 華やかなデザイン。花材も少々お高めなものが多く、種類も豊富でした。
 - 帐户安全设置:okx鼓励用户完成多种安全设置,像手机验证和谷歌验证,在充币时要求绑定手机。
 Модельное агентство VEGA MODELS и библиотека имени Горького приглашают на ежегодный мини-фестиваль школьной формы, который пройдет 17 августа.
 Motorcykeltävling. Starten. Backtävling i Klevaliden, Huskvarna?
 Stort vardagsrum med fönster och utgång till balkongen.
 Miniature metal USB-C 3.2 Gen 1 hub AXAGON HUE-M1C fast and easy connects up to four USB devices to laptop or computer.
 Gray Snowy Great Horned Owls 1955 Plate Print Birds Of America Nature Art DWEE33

* * *

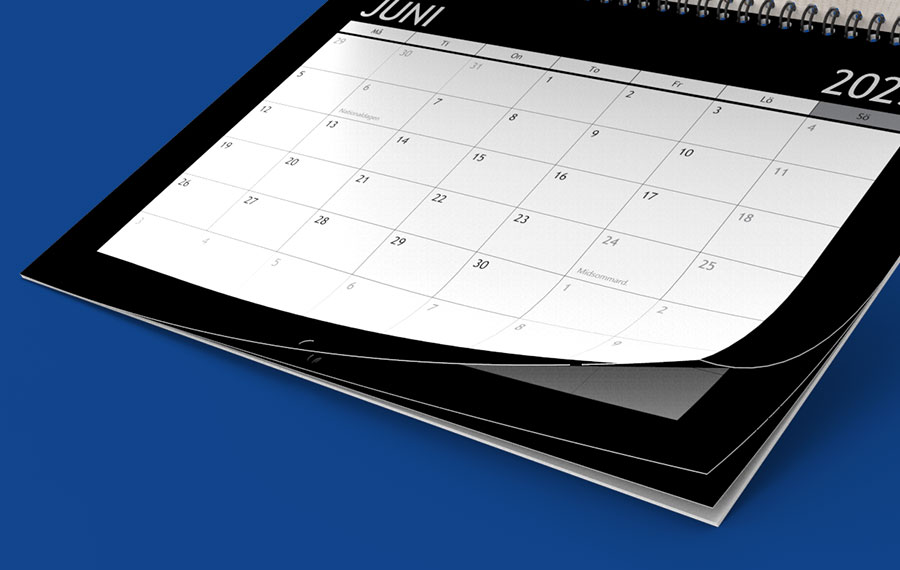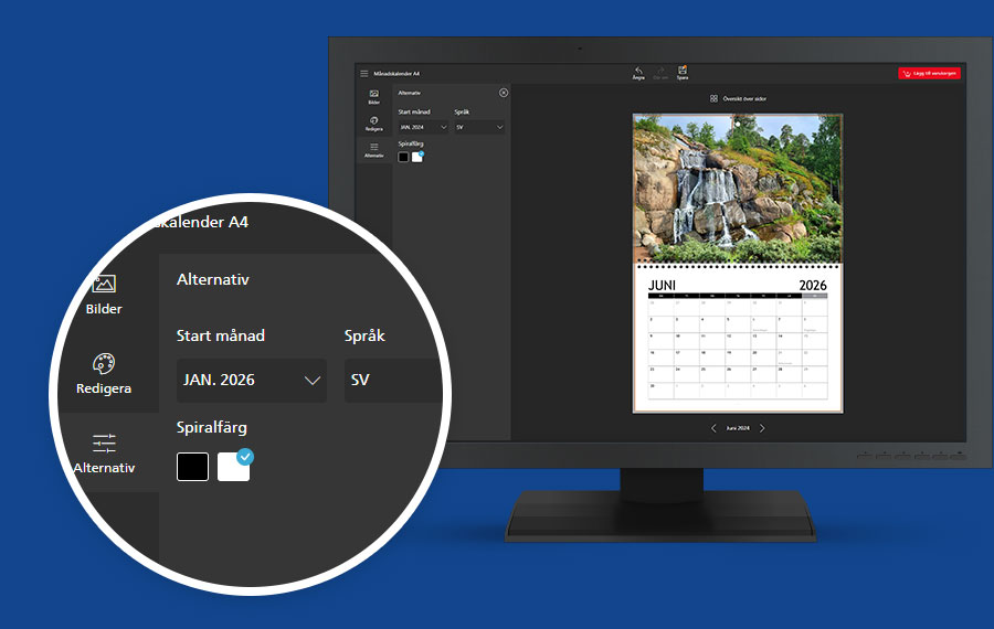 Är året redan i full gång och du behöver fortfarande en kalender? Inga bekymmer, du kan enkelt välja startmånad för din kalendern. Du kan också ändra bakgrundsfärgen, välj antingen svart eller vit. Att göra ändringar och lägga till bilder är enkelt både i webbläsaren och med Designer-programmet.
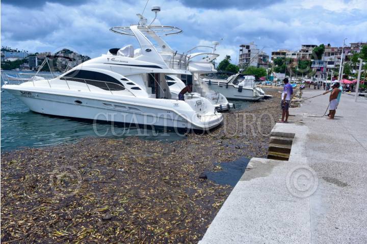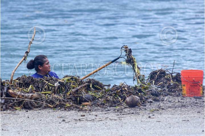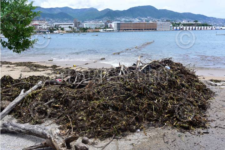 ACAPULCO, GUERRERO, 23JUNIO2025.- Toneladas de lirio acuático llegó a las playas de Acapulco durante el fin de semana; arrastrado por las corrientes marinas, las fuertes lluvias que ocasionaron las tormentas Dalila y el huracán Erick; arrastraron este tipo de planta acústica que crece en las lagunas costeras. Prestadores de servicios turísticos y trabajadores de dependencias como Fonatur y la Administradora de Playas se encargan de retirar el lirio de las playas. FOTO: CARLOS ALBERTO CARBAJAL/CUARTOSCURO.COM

**Instructions to follow:** Retype, exactly and in full, the lines above from the one containing "Motorcykeltävling. Starten. Backtävling" through the one containing "Gray Snowy Great".

**Response:**
 Motorcykeltävling. Starten. Backtävling i Klevaliden, Huskvarna?
 Stort vardagsrum med fönster och utgång till balkongen.
 Miniature metal USB-C 3.2 Gen 1 hub AXAGON HUE-M1C fast and easy connects up to four USB devices to laptop or computer.
 Gray Snowy Great Horned Owls 1955 Plate Print Birds Of America Nature Art DWEE33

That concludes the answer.